* **Data shown**:

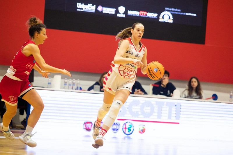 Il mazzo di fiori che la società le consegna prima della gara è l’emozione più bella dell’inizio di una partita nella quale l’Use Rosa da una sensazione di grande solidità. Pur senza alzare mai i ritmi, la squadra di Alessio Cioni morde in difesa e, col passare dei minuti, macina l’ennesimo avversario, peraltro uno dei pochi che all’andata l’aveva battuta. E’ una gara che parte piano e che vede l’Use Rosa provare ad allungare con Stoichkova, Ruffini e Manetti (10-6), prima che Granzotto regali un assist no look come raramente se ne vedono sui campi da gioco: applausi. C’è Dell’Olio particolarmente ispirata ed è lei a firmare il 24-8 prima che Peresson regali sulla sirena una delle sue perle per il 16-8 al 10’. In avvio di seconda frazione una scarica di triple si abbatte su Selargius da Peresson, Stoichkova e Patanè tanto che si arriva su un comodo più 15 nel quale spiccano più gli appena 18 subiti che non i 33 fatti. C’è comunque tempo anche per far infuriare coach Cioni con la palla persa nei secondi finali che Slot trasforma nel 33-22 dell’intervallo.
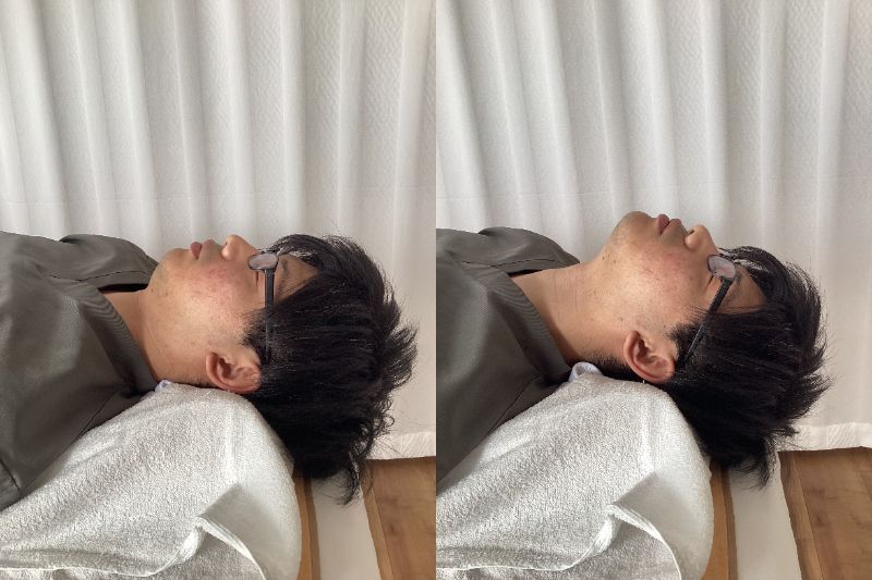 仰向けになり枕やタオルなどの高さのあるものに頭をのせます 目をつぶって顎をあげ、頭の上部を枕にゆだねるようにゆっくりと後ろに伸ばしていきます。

--

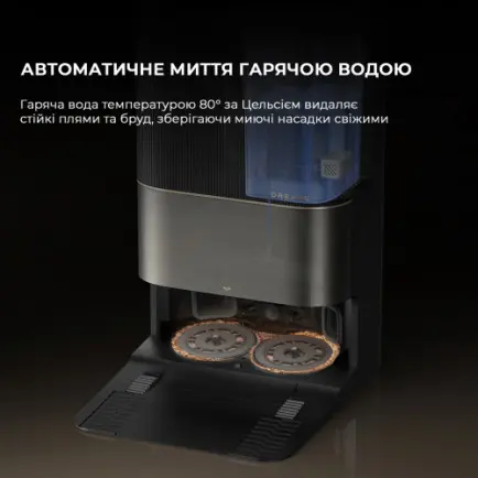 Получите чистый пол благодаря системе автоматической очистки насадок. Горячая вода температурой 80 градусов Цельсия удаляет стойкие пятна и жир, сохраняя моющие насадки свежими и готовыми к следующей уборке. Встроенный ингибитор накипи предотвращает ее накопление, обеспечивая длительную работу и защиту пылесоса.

...

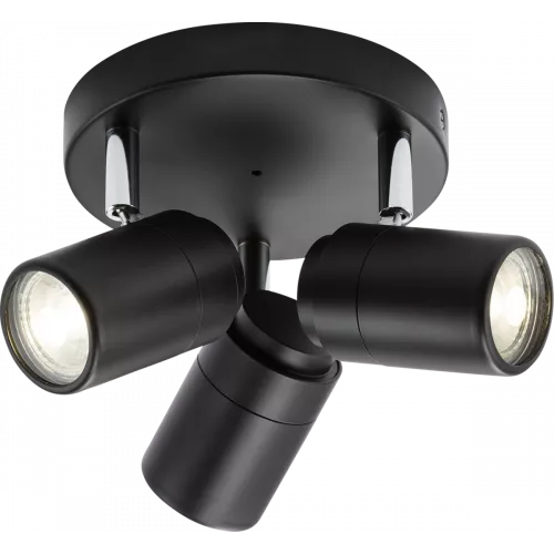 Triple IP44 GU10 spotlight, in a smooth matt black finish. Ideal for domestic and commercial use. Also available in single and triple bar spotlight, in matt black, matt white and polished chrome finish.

* **Brief**: Copy needed, without pictures: the lines of the listing above from the line containing "Il mazzo di" up to and including the line containing "仰向けになり枕やタオルなどの", set down exactly.

* **Answer to this problem**:
 Il mazzo di fiori che la società le consegna prima della gara è l’emozione più bella dell’inizio di una partita nella quale l’Use Rosa da una sensazione di grande solidità. Pur senza alzare mai i ritmi, la squadra di Alessio Cioni morde in difesa e, col passare dei minuti, macina l’ennesimo avversario, peraltro uno dei pochi che all’andata l’aveva battuta. E’ una gara che parte piano e che vede l’Use Rosa provare ad allungare con Stoichkova, Ruffini e Manetti (10-6), prima che Granzotto regali un assist no look come raramente se ne vedono sui campi da gioco: applausi. C’è Dell’Olio particolarmente ispirata ed è lei a firmare il 24-8 prima che Peresson regali sulla sirena una delle sue perle per il 16-8 al 10’. In avvio di seconda frazione una scarica di triple si abbatte su Selargius da Peresson, Stoichkova e Patanè tanto che si arriva su un comodo più 15 nel quale spiccano più gli appena 18 subiti che non i 33 fatti. C’è comunque tempo anche per far infuriare coach Cioni con la palla persa nei secondi finali che Slot trasforma nel 33-22 dell’intervallo.
 仰向けになり枕やタオルなどの高さのあるものに頭をのせます 目をつぶって顎をあげ、頭の上部を枕にゆだねるようにゆっくりと後ろに伸ばしていきます。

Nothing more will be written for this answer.